For the foregoing reasons, summary judgment in .favor of Gould is Reversed and REMANDED for further proceedings not inconsistent with this opinion. Summary judgment in favor of Shell on OTG’s contribution Claim ÍS AFFIRMED.

. These successors include Gould, Inc., ABB Power T & D Co. and ABB Asea Brown Boveri, Inc.

. Garrison’s case against the current owner of the oil field, OTG, is stayed pending this appeal.
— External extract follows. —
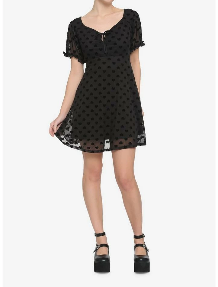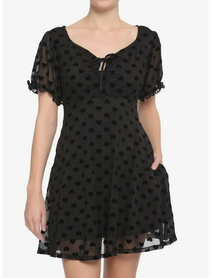 Wear your heart all over! This black babydoll dress features a sheer overlay with a flocked heart print, puffed sleeves, keyhole detailing with tie, empire waist and side seam pockets.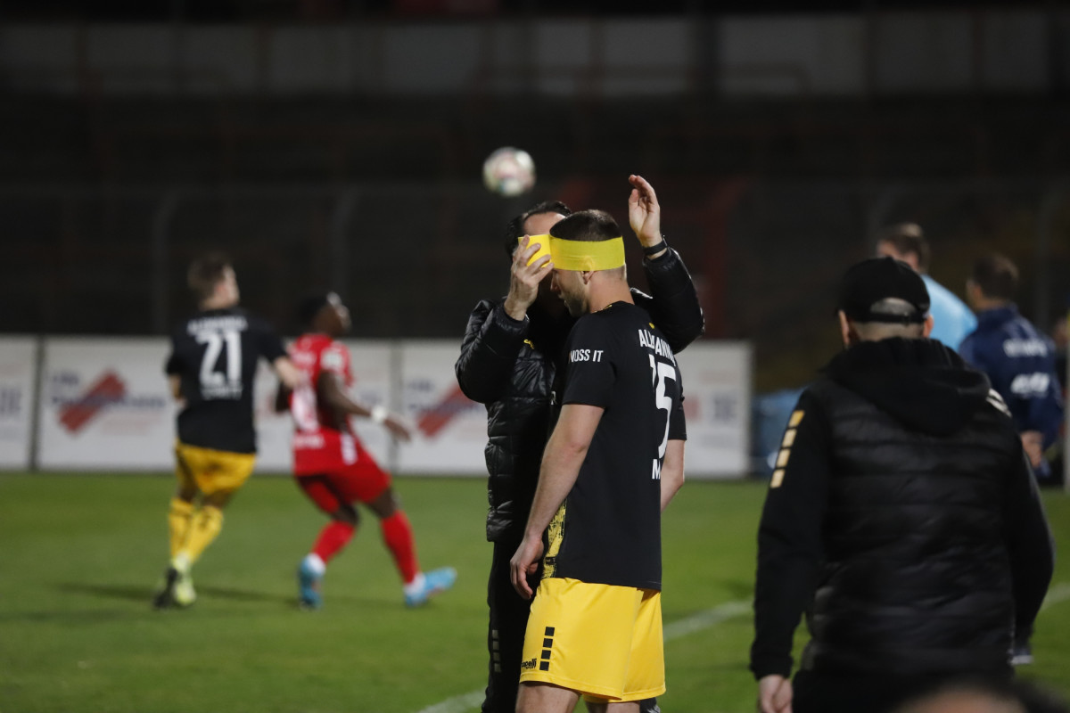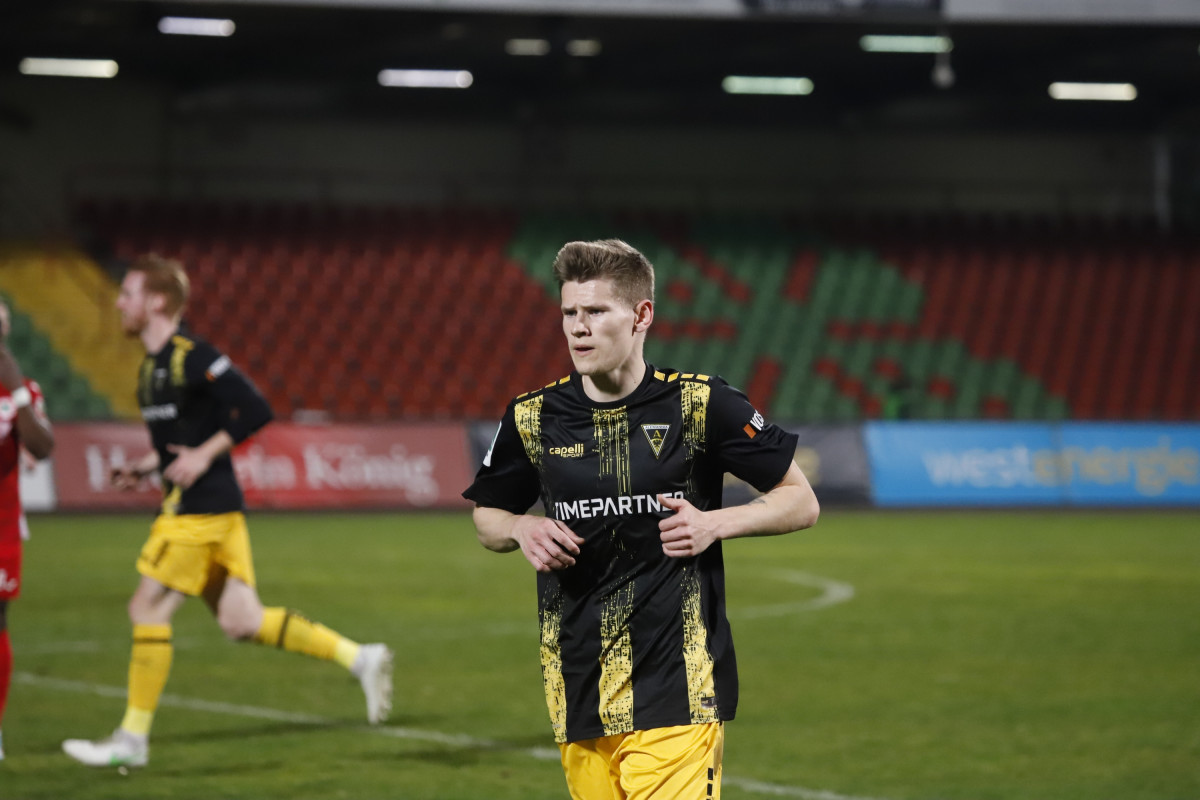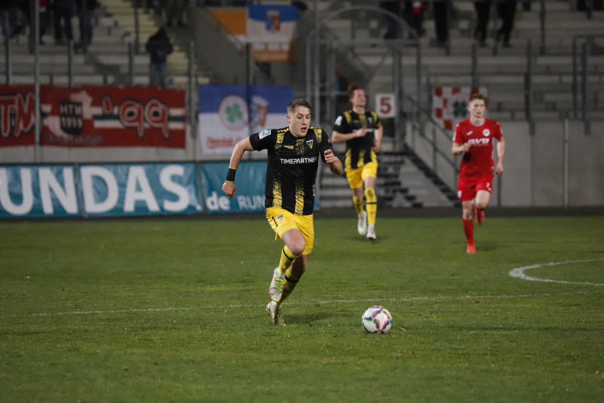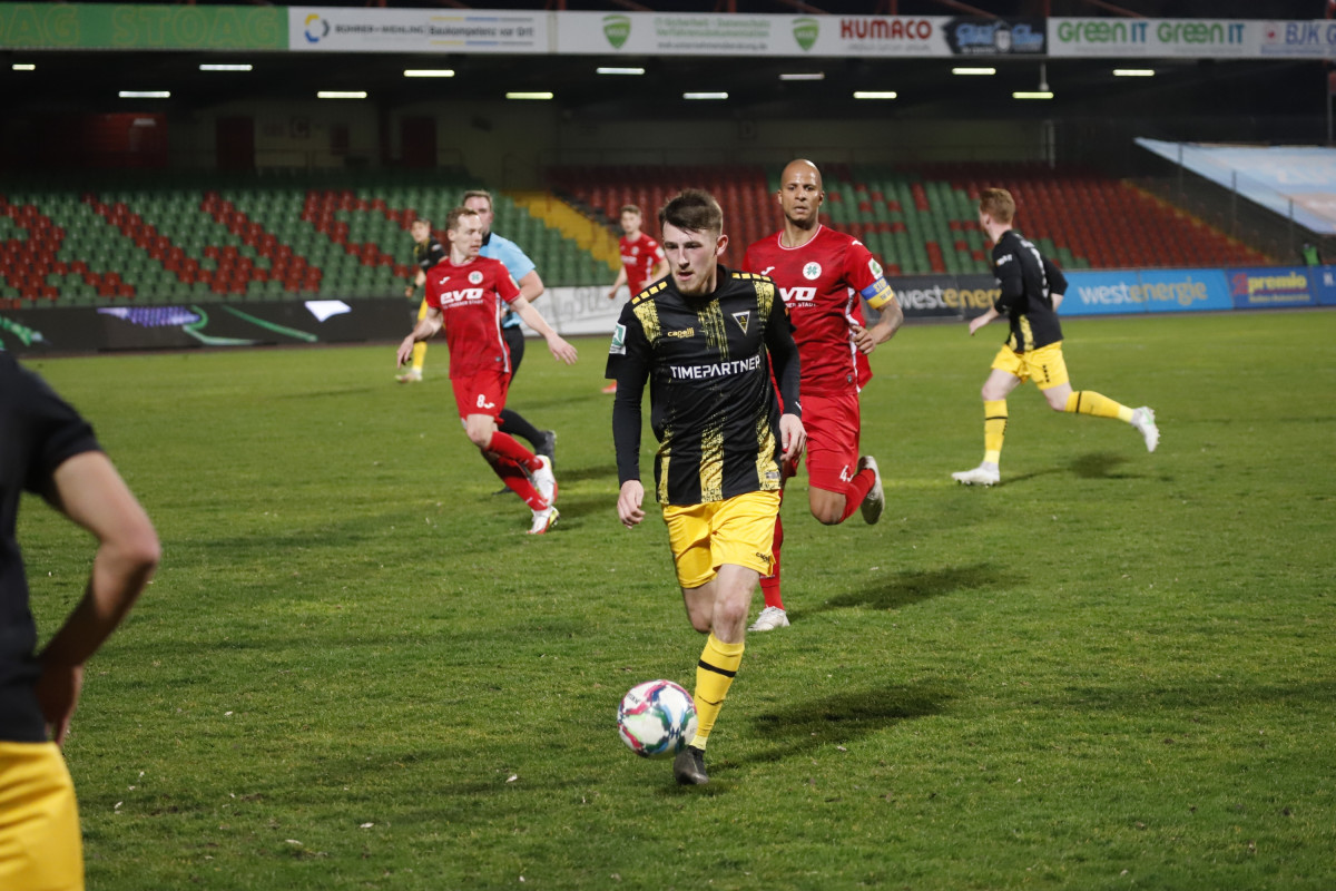 Nach sieben Spielminuten dann eine unschöne Szene: Fabian Holthaus traf Marco Müller mit gestrecktem Bein am Kopf, sodass dieser sich eine Kopfverletzung zuzog und mit Turban weiterspielen musste. „Die Ärzte haben Gott sei Dank nach dem Spiel Entwarnung gegeben“, berichtete Kilic später. In der Folge fand dann auch der Tabellenfünfte so langsam in das Duell hinein – und wenn du ihn vorne nicht machst, fängst du ihn dir hinten, lautet eine allseits bekannte Fußball-Floskel. Das dachte sich auch Klaß, der in der 19. Minute nach einer Slapstick-Einlage der Aachener Hintermannschaft, die einen Freistoß partout nicht geklärt bekam, auf den zweiten Ball spekulierte und trocken abzog – das Leder passte genau zwischen Schlussmann Joshua Mroß und den linken Pfosten. Die Hausherren verdienten sich die 1:0-Führung im Anschluss durch das Erspielen von weiteren Großchancen. Propheter (20.), Shaibou Oubeyapwa (23.) und abermals Propheter nach Torwartfehler von Mroß (33.) verpassten es aber, zu erhöhen. So ging es mit einem knappen Vorsprung für die Kleeblätter in die Kabine.

. This two-part inquiry reflects the courts’ reluctance to apply this and similar statutes of repose where the defendant manufactured a product that became part of an improvement to real property but was otherwise uninvolved with the project. Witham v. Whiting Corp., 975 F.2d 1342, 1346 (7th Cir.1992). Indeed, in most of the cases in which the defendant received the protection of the Illinois statute of repose, the defendant also performed work at the construction site. See, e.g., Cates v. Hunter Eng’g Co., 205 Ill.App.3d 587, 151 Ill.Dec. 133, 563 N.E.2d 1239 (1990) (defendant who designed, built and assisted in installing rolling mill protected by statute); Cross v. Ainsworth Seed Co., 199 Ill.App.3d 910, 145 Ill.Dec. 927, 557 N.E.2d 906 (Ct.1990) (manufacturer and installer of conveyer belt protected by statute); Kleist v. Metrick Elec. Co., 212 Ill. App.3d 738, 156 Ill.Dec. 839, 571 N.E.2d 819 (1991) (installer of electrical system under statutory protection); Neofotistos v. Metrick Elec. Co., 217 Ill.App.3d 506, 160 Ill.Dec. 381, 577 N.E.2d 511 (1991) (installer of electric panel and circuit breaker protected by statute); Herriott v. Allied Signal, Inc., 998 F.2d 487 (7th Cir.1993) (designer, manufacturer and installer of larry-car insulated by statute); Witham, 975 F.2d 1342 (manufacturer of crane which inspected the crane after installation but did not install it was protected by statute); Hausman v. Monarch Mach. Tool Co., 997 F.2d 351 (7th Cir.1993) (designer and manufacturer of anneal line which did not install the line but did supervise the installation was protected). Note, however, that none of these cases has actually held that defendants who do not work at the construction site cannot, as a matter of law, raise the statute of repose defense.

*592For analyses of other states' statutes of repose, see Baker v. Walker & Walker, Inc., 133 Cal.App.3d 746, 184 Cal.Rptr. 245 (1982) (manufacturer and supplier of heating and cooling units not within statutory protection); Becker v. Hamada, Inc., 455 A.2d 353 (Del.1982) (supplier of roofing materials not protected by statute); Dighton v. Federal Pacific Elec. Co., 399 Mass. 687, 506 N.E.2d 509 (designer, manufacturer and supplier of circuit breaker not protected by statute of repose), cert. denied, 484 U.S. 953, 108 S.Ct. 345, 98 L.Ed.2d 371 (1987).

. As we observed in Hausman, the list of protected activities is notably disjunctive, and therefore, Gould falls within the protected class if it engaged in any one of the listed activities. 997 F.2d at 353.

. This reading of § 13-214(b) is consistent with the intent of the statute of repose, which the legislature enacted to protect parties involved with construction activities on real property— particularly architects, construction companies, and engineers — from what the courts had, before the statute, effectively made perpetual liability for physical injury occurring on the property. See generally C.S. Johnson Co. v. Champaign Nat’l Bank, 126 Ill.App.3d 508, 81 Ill.Dec. 663, 467 N.E.2d 363 (1984) (quoting legislators); see also Witham, 975 F.2d at 1347.

. In her brief, Garrison moves that we certify to the Illinois Supreme Court the question whether a manufacturer who engages in no activity on the construction site and who does no particularized and specialized act relating to the project is protected by the statute of repose. As our analysis indicates, however, the Illinois case law provides adequate guidance for us to resolve this case under the existing record. Garrison’s motion for certification is therefore denied.

. The person who testified that the leaflet may have even existed had no specific recollection of any special instructions that accompanied the switches when sold, only a general belief that maintenance leaflets went to buyers with the switches. ROA Doc. 80 at 9.